Some could be due to pressure, be it peer, financial, etc etc. Some could be due to disappointment, or could not accept the facts of life. Some could, in our eyes, be trivial stuff such as an argument with a loved one, or loss of 'face'.

I learned that what is trivial to other people may not be trivial to the person committing the act.

My family moved into a high-rise condominium many, many years ago. As we were living in a high-rise building, we didn't think it was necessary to have grills fixed around the house. During a particular time of my teenage years, I was feeling very depressed over relationship issues. There were occasions I would sit at the edge of my window at night, looking down and wondering if I will be saved by an angel should I jump down. I remember once I sat on the ledge in tears and telling my boyfriend over the phone what I was doing. Eventually, he managed to coax me to get back into my room.

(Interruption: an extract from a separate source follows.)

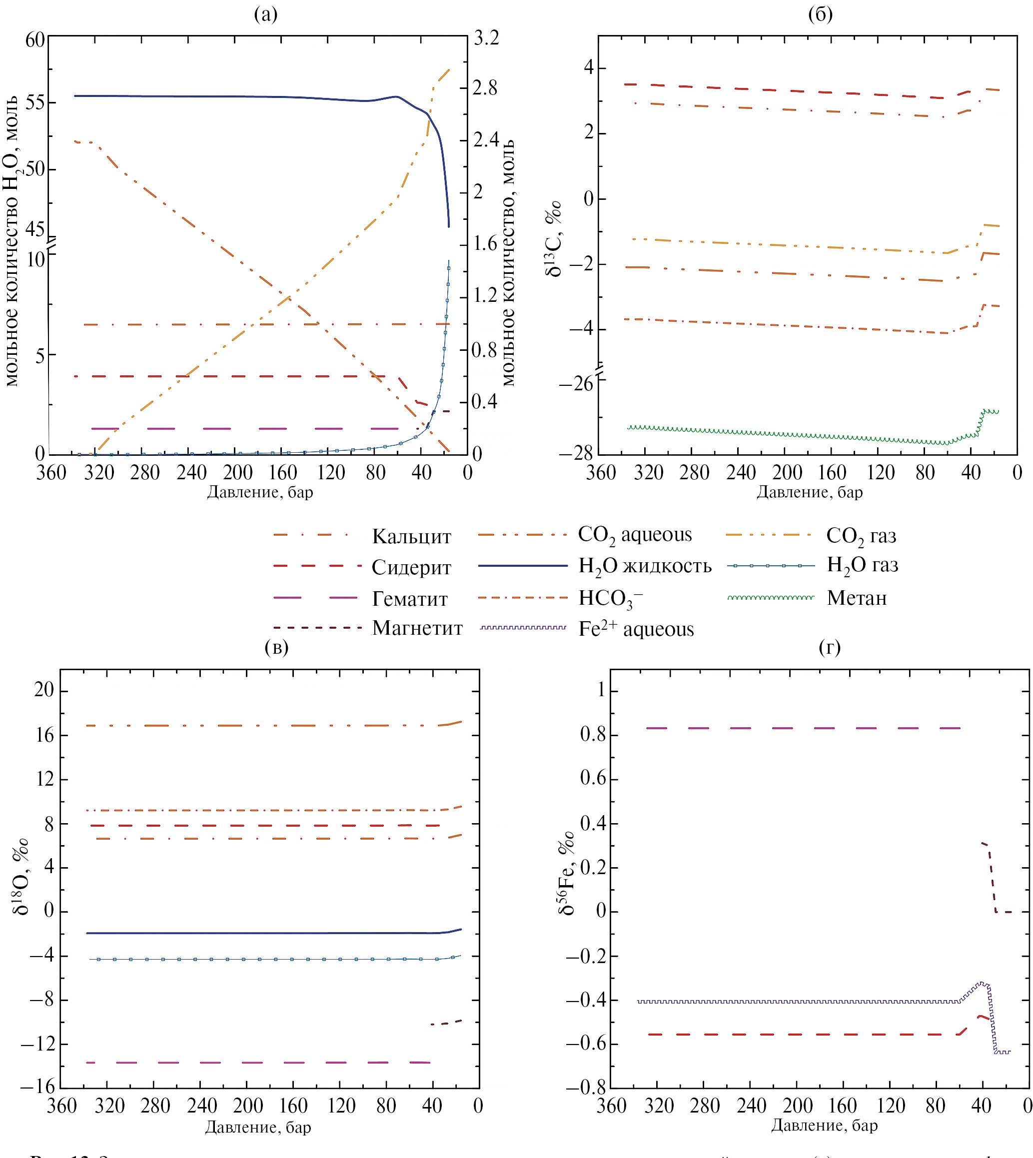 Общий подход к расчету химических и изотопных равновесий с участием железа, аналогичен тому, который был использован нами при расчете равновесий с участием кислорода и углерода (Mironenko et al., 2018; Поляков и др., 2021). Этот подход, идея которого принадлежит Б.Н. Рыженко, названный методом изотопно-химической системы, восходит к работам Д.В. Гричука с соавторами по совместному расчету химических и изотопных равновесий, включающему серосодержащие соединения (Банникова и др., 1987; Гричук, 1987, 1988, 2000; Гричук, Леин, 1991). Этот подход дает возможность проводить расчет изотопных и химических равновесий в один этап, в то время как в рамках обычных подходов (Ohmoto, 1972), сначала проводят расчет химических равновесий, а затем рассчитывают изотопные составы химических соединений. Преимущество совместного расчета изотопных и химических равновесий наиболее ярко проявляется при расчетах процессов, представляющих последовательность равновесных состояний, сопровождающихся потерей и/или привносом вещества, поскольку в этом случае изотопный масс-баланс, выполняется автоматически (Мироненко и др., 2021).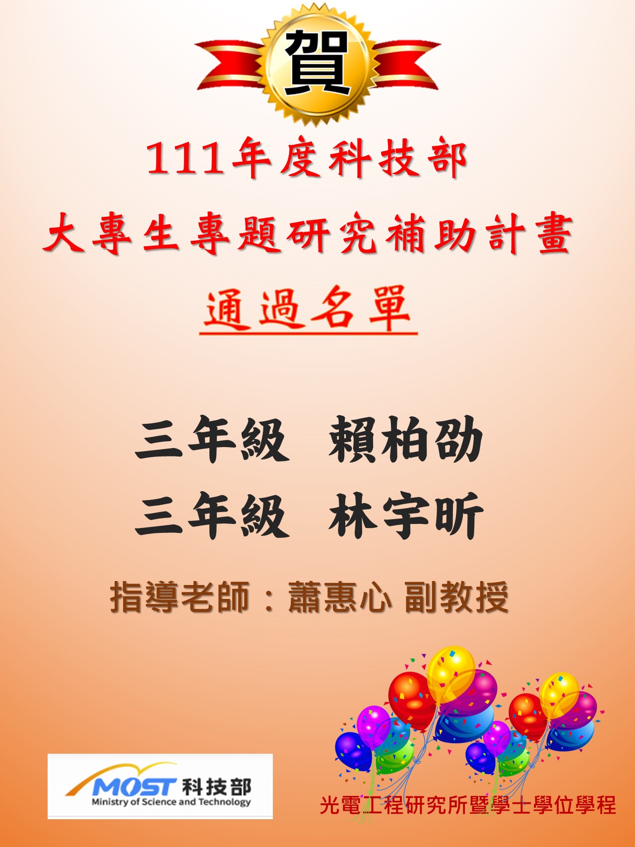 賀~111年度科技部大專生專題研究補助計畫通過名單三年級賴柏劭、林宇昕 (指導老師:蕭惠心 副教授)

When I think back of what would have happened, perhaps the dilemma I was facing wasn't so big after all. However, back then I was probably not mature enough to resolve my own problems.

Thank goodness I wasn't immature enough to actually jump down, thinking this is the only way to end it all.

Sometimes it is all being whether are you strong enough to face the adversity.

Faith plays as part as well.

My faith in God wasn't at its strongest then, and having being sheltered for a good part of my life left me unprepared to face relationship woes. Referring to the Bible, if Job didn't have faith in the Lord, he would have probably committed suicide as well. But he persevere and finally got his reward.

Some people may condemn those who committed suicide as selfish, for they may be gone, but the pain of their loved ones remained. I agree with that statement, for one of my reasons NOT to do it then was because I love my family a lot, and I didn't want them to be hurt just because of my actions. I never told them about this, but it's already been so many years, don't think it would be necessary for them to know anyway.

For anyone who ever even think of the word 'suicide' - Think again. We only have once chance in life on earth, why end it like that? Think again, and if in doubt, always pray.

My prayer goes out to this girl whom I never knew - CHiQ - Rest in Peace. I pray you may find eternal rest in Heaven, for you already suffered so much on Earth.